■ Task directions ■
Return the stretch from the line with "Белая латексная перчатка на мужской руке" through the line with "Zdjęcia, Ocean, Chmury, Wybrzeże, Droga" in the data below, character for character, skipping all pictures.

■ Supplied material ■

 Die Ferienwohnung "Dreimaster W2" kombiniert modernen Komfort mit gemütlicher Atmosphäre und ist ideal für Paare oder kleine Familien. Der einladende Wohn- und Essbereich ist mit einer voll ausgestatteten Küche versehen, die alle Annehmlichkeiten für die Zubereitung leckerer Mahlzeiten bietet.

...

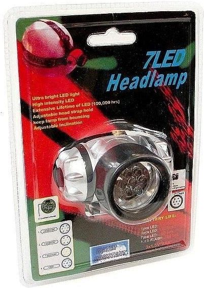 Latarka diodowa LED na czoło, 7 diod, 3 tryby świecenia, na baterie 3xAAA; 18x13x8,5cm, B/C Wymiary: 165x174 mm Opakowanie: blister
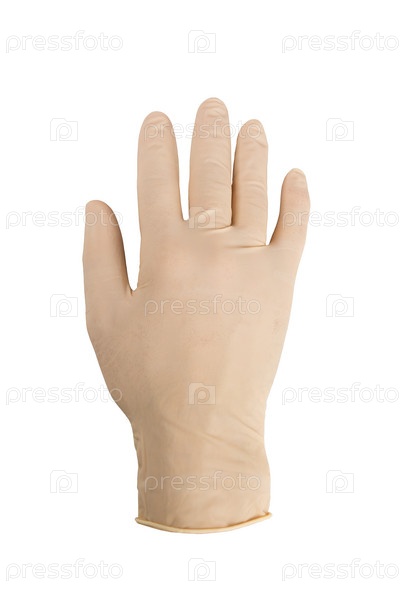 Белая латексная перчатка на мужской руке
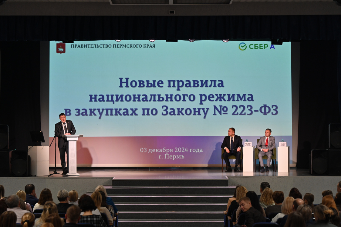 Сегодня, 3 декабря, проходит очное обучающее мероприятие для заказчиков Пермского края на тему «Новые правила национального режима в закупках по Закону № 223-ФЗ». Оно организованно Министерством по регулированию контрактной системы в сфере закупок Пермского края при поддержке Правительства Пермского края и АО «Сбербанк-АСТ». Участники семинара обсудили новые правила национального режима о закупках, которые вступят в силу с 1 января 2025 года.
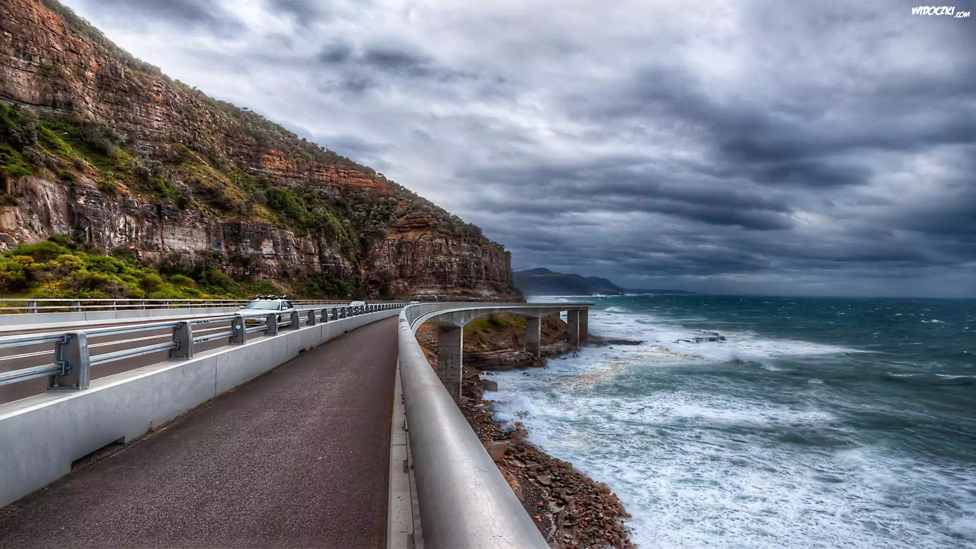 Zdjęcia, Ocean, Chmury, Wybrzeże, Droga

■ Your response ■
 Белая латексная перчатка на мужской руке
 Сегодня, 3 декабря, проходит очное обучающее мероприятие для заказчиков Пермского края на тему «Новые правила национального режима в закупках по Закону № 223-ФЗ». Оно организованно Министерством по регулированию контрактной системы в сфере закупок Пермского края при поддержке Правительства Пермского края и АО «Сбербанк-АСТ». Участники семинара обсудили новые правила национального режима о закупках, которые вступят в силу с 1 января 2025 года.
 Zdjęcia, Ocean, Chmury, Wybrzeże, Droga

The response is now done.